In assuming that person and human being are synonymous, the Absurdity Rationale misunderstands the legal notion of personhood. We demonstrate that law’s “person” is abstract and disconnected from biological, metaphysical, or moral considerations (see also here). The distinction between the legal personhood of human beings and that of corporations cannot be that the former is natural and therefore legitimate, while the latter is artificial and hence illegitimate. Both are artificial in the same sense that other legal institutions are. To refer to “corporate persons” may seem counterintuitive, but it is not incoherent or absurd.

The problem with the Distinctiveness Rationale is that it lumps all kinds of constitutional rights together and fails to acknowledge that the assignment of some rights (for example, those meant to limit government overreach) does not need to rest on the presence or absence of human qualities. As we show, corporate persons can be legitimate holders of constitutional rights and, importantly, nothing in the doctrine of corporate personhood requires that corporations be granted the same complement of rights as humans.

In sum, the strategy of seeking to abolish corporate personhood or eliminating all corporate rights is ill-conceived. The debate should instead focus on which rights corporations should or should not be granted. The problem is not that corporations are seen as rights-bearing persons. The problem is that the extension of rights to corporations is easily taken too far.

How to Think About the Real Challenge

We agree with abolitionists that we should not treat corporations the same as we do human beings. The challenge is that we need a principled way of (a) ensuring the priority of human persons while (b) maintaining the benefits that flow from having corporate institutions, both of which are important for a flourishing democratic society. The correct balance, we submit, cannot be decided categorically. The answer may lie in philosophical pragmatism.

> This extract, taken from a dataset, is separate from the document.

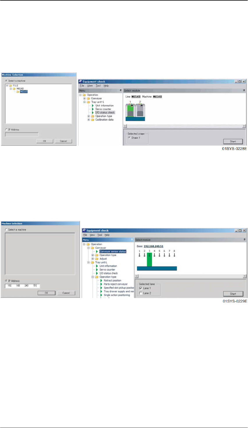 Edition 1.0 N X T I I 用户高级培训手册 FMC-1010-003-0 C 8-11 FUJI MACHINE MFG. CO., LTD 8.10.2 生产线上的机器的确认 当生产线上发生故障, 现场进行恢复作业的时候, 在现场使用的 PC 上启动 EquipmentCheck , 进行机器的确认。 首先, 在 [Machine Selection] 内选择目标机器。 接着, 从 EquipCheck 窗口中的 […

Pragmatism is uniquely suited to the task of addressing the question of corporate personhood (see here). Its core tenet of fallibilism, its commitment to generating knowledge through institutional experimentation, its focus on the consequences of different sorts of social action, and its emphasis on democratic equality as a basis for criticizing social and economic institutions, allow us to engage with the worries underlying the Plutocracy and Distinctiveness rationales.

The question of which rights ought to be assigned to corporations is something to be experimentally determined. Nothing should be inherently off the table, as long as we do not short-circuit our ability to reflect upon and revise our considered judgments. This presupposes that we have a system of collective inquiry capable of identifying the individual and collective interests that merit protection and assessing the consequences of the legal and political decisions underlying alternative assignments of rights.

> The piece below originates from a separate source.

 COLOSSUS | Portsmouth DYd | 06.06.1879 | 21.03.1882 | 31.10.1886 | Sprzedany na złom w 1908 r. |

A crucial part of this system is the protection of political rights associated with democracy, which we grant to human persons to guarantee their inclusive and equal participation in the social processes of experimentation, learning, assessment, and reflection. The priority of human persons can thus be asserted and defended by reference to the conditions necessary for legitimate, competent, and effective inquiry.

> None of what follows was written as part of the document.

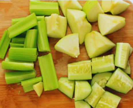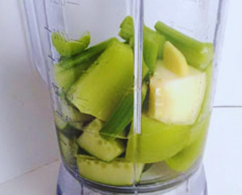 - Add cucumber, celery, apple and ginger to a blender

When deciding, for instance, whether corporations should have the same rights as us to support favored political candidates, we should ask whether this would corrupt or stunt the democratic background necessary for collective inquiry. Whenever it contributes to an unequal ability of human persons to participate in democratic procedures and deliberation, we undermine democracy’s attractive qualities. Restricting the political freedoms of corporate persons may therefore be warranted, despite the fact that they are generally capable of bearing rights.

This post comes to us from David Gindis, a senior lecturer in economics at Hertfordshire Business School, University of Hertfordshire, and Abraham A. Singer, an assistant professor of management at Loyola University Chicago. It is based on their recent article, “The Corporate Baby in the Bathwater: Why Proposals to Abolish Corporate Personhood Are Misguided,” forthcoming in the Journal of Business Ethics, and available here.